Microsoft launches the Maia 200: a new AI inference chip designed to make large-scale AI applications more efficient and cost-effective within the Azure infrastructure.
Microsoft unveils the Maia-200. This is an AI accelerator with which Microsoft wants to offer an alternative to Nvidia’s Blackwell generation, but also the AI offerings of other cloud players. The Maia-200 is focused on inference and should support AI models such as GPT-5.2. The chip succeeds Maia from 2023.
Specifications and RAM shortages
The Maia-200 rolls off the line at TSMC and is baked on a 3 nanometer process. The chip features FP8/FP4 tensor cores and delivers 10 petaFLOPS of FP4 computing power at a TDP of 750 watts. This means that, in theory, Maia-200 performs at the level of the Nvidia B200 in terms of inference. According to Microsoft, the Maia 200 offers three times better FP4 performance than Amazon’s Trainium 3 and surpasses the FP8 performance of Google’s TPU v7. There is currently no comparison with Nvidia’s Rubin architecture.
The chip also gets 216 GB of HBM3e memory, with a bandwidth of 7 TB/s, and 272 MB of on-chip SRAM. This allows Maia-200 to load large LLMs. The Maia-200 is thus a good example of an AI processor that absorbs a large amount of HBM memory. The chip illustrates Microsoft’s role in the current DRAM shortages and associated high prices.

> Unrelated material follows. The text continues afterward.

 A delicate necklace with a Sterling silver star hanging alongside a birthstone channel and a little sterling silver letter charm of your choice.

Proprietary server architecture
Microsoft has also developed the server architecture itself. Each server tray contains four fully connected chips with direct links. Microsoft uses standard Ethernet and its own transport protocol for fast and reliable communication between the chips. Redmond thus remains independent of third-party interconnects, such as Nvidia.

The chip is intended for large-scale AI workloads and will initially be used in the Azure data centers in Iowa and later in Arizona.

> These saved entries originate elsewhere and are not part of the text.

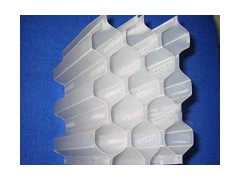 六角形蜂窝填料材质有聚丙烯(PP)聚氯乙烯(PVC)乙丙共聚和玻璃钢(FRP)四种。组装形式有斜管和直管两种形式。
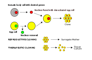 In genetics and developmental biology, somatic cell nuclear transfer (SCNT) is a laboratory strategy for creating a viable embryo from a body cell and an egg cell. The technique consists of taking an enucleated oocyte (egg cell) and implanting a donor nucleus from a somatic (body) cell. It is used in both therapeutic and reproductive cloning. Dolly the Sheep became famous for being the first successful case of the reproductive cloning of a mammal.[1] "Therapeutic cloning" refers to the potential use of SCNT in regenerative medicine; this approach has been championed as an answer to the many issues concerning embryonic stem cells (ESC) and the destruction of viable embryos for medical use, though questions remain on how homologous the two cell types truly are.
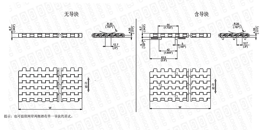 上圖為1/2"節(jié)距網(wǎng)帶與鏈板 600系列的結(jié)構(gòu)圖,圖紙中已標(biāo)明部分尺寸。

Efficiency in LLM inference
Maia 200 should increase efficiency in running large language models, including OpenAI’s GPT-5.2. Internal teams such as Microsoft Superintelligence also use the chip for synthetic data generation and reinforcement learning, among other things. Thanks to the redesigned memory structure and optimized data throughput, Maia 200 is tailored for low-precision inference, which should contribute to cost efficiency.
Maia SDK
For developers, a Maia SDK will be available that offers support for PyTorch, a Triton compiler, and low-level programming capabilities via NPL, among other things. This should help optimize AI models for use on the Maia 200 hardware. The Maia SDK is currently available as a preview.
Thanks to a pre-silicon test environment, Microsoft was able to deploy the Maia 200 faster than previous generations. Microsoft is already working on future generations of Maia.